The first, and perhaps the most obvious, option is for companies to use excess cash to reduce the extent of their borrowing – starting in 2021 with a debt regime to quash the 2020 bond frenzy.

Bank of America’s regular survey late last year showed that most fund managers want companies to improve their balance sheets by reducing their debt.

“This is the point in the cycle when balance sheets are generally not in good shape and even equity investors are concerned about leverage. . . For the vast majority of companies, the focus will be on repairing balance sheets, ”analysts noted.

Occidental Petroleum is an example of a company wishing to divert part of its cash flow to reduce debt – the debt-to-earnings ratio, which provides an important reading of the strength of the company.

In her third quarter earnings call in November, Occidental Petroleum chief executive Vicki Hollub said debt reduction would be a major use of the company’s cash flow “well through early 2022. “.

2. Capital expenditure

A drive to improve the balance sheet is high on fund managers’ wish lists, but its dominance has waned in the second half of 2020, according to the BofA survey.

Instead, some investors accept the idea of ​​executives spending more money to help grow their business, especially as companies are now better able to find long-term debt financing at very low rates.

AT&T, which has the highest net debt of any non-financial corporation in the world at nearly $ 175 billion, according to Bloomberg data, reiterated its commitment to reducing that overhang. However, John Stephens, the company’s chief financial officer, added during her third quarter earnings call in October that because of her job to pull out when her loan matures, she may also opportunistically seek to invest money in the business.
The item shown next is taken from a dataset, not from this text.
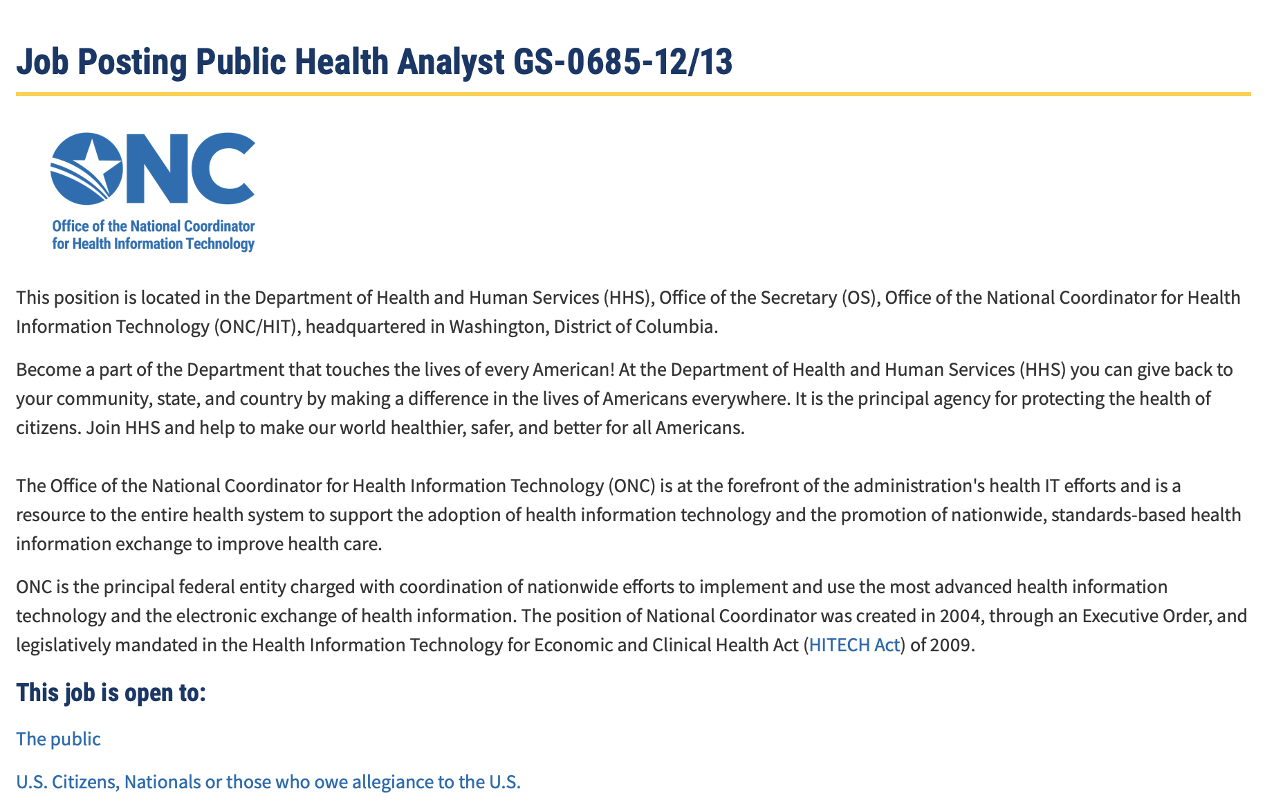 The Public Health Analyst, GS-0685-12/13 (Schedule A COVID 19) announcement is now posted on ONC Careers webpage for you to share with eligible candidates. The Public Notice Link provided below will take applicants directly to the job posting and provide specific information concerning the position and application procedures. Since this announcement (public notice) is not posted on USAJOBS, the applicants are instructed to submit their documents to the HCB mailbox. The resumes will be saved in the Shared Certificate folder Schedule A COVID 19 Resumes every Thursday for your review.

The company’s balance sheet and debt maturities were “in very good shape,” he said. “The bond market has responded very well. We will continue to reduce our debt levels. But we have a lot of flexibility going forward. “

Other businesses may feel the same. With the cost of borrowing so low at the moment, deploying cheap funds could be worthwhile.

“If you look at the options list, sitting on liquidity in this interest rate environment doesn’t make a lot of sense,” said Kevin Foley, global head of debt capital markets at JPMorgan. “You could pay it back, but it comes with a breakage fee. Instead, you might just be investing in the business. “

3. Buy stocks or competitors

Another option for management teams is to take a more aggressive decision, like buying or repurchasing shares to appeal to their investors.

Analysts expect major U.S. banks to spend around 10 billion dollars this quarter on share buybacks, after having green light last month from the Federal Reserve to revive these programs.

They also anticipate an increase in repurchases, financed in part by the liquidity raised in the debt markets last year. Some companies may take on more debt for this purpose in 2021. Early examples this year include home improvement store The Home Depot and building materials supplier US Lumber.

4. Hang in there

It has never been cheaper for businesses to borrow. Average yields on bonds issued by both riskier high yield borrowers and safer premium companies are at or around historic lows.

Almost 90% of so-called “junk” bonds and over 95% of investment grade bonds trade at or above their initial issue price, suggesting they could be refinanced at a lower cost, depending on the market. indices managed by Ice Data Services.

Some companies will choose to be cautious about maintaining a cash surplus, funded by debt markets, given the uncertain economic outlook, strategists said. Even with the prospect of widespread immunizations, a cash buffer would help in the event of further economic shocks.

“Issuers, certainly with the start of the vaccine, are feeling good about the cash they’ve raised,” said John Hines, head of debt capital markets at Wells Fargo.